___ Data extract
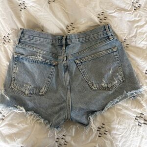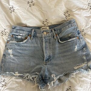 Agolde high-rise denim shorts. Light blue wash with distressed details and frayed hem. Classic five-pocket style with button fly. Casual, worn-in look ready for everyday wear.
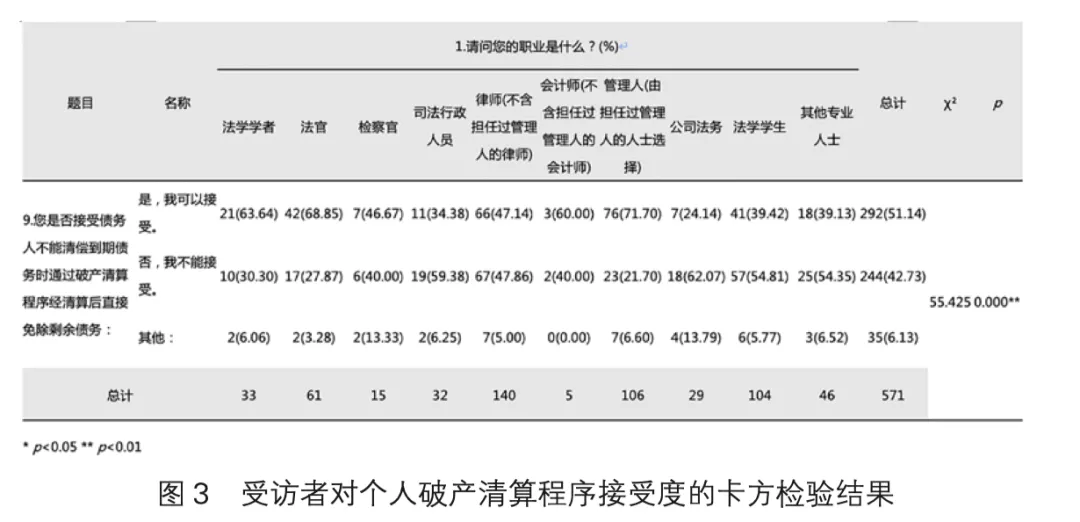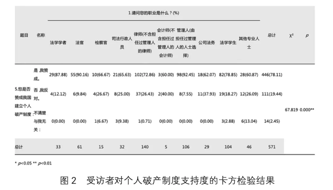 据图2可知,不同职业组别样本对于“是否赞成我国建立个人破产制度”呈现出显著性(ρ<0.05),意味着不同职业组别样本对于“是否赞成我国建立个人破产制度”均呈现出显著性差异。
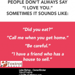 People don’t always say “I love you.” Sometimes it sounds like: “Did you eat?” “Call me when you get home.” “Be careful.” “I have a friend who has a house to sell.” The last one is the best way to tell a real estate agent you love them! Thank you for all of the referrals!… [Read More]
______
● Work required
With pictures left out, transcribe each line from the one containing "据图2可知,不同职业组别样本" through the end of the data, both ends included.

● Answer section
 据图2可知,不同职业组别样本对于“是否赞成我国建立个人破产制度”呈现出显著性(ρ<0.05),意味着不同职业组别样本对于“是否赞成我国建立个人破产制度”均呈现出显著性差异。
 People don’t always say “I love you.” Sometimes it sounds like: “Did you eat?” “Call me when you get home.” “Be careful.” “I have a friend who has a house to sell.” The last one is the best way to tell a real estate agent you love them! Thank you for all of the referrals!… [Read More]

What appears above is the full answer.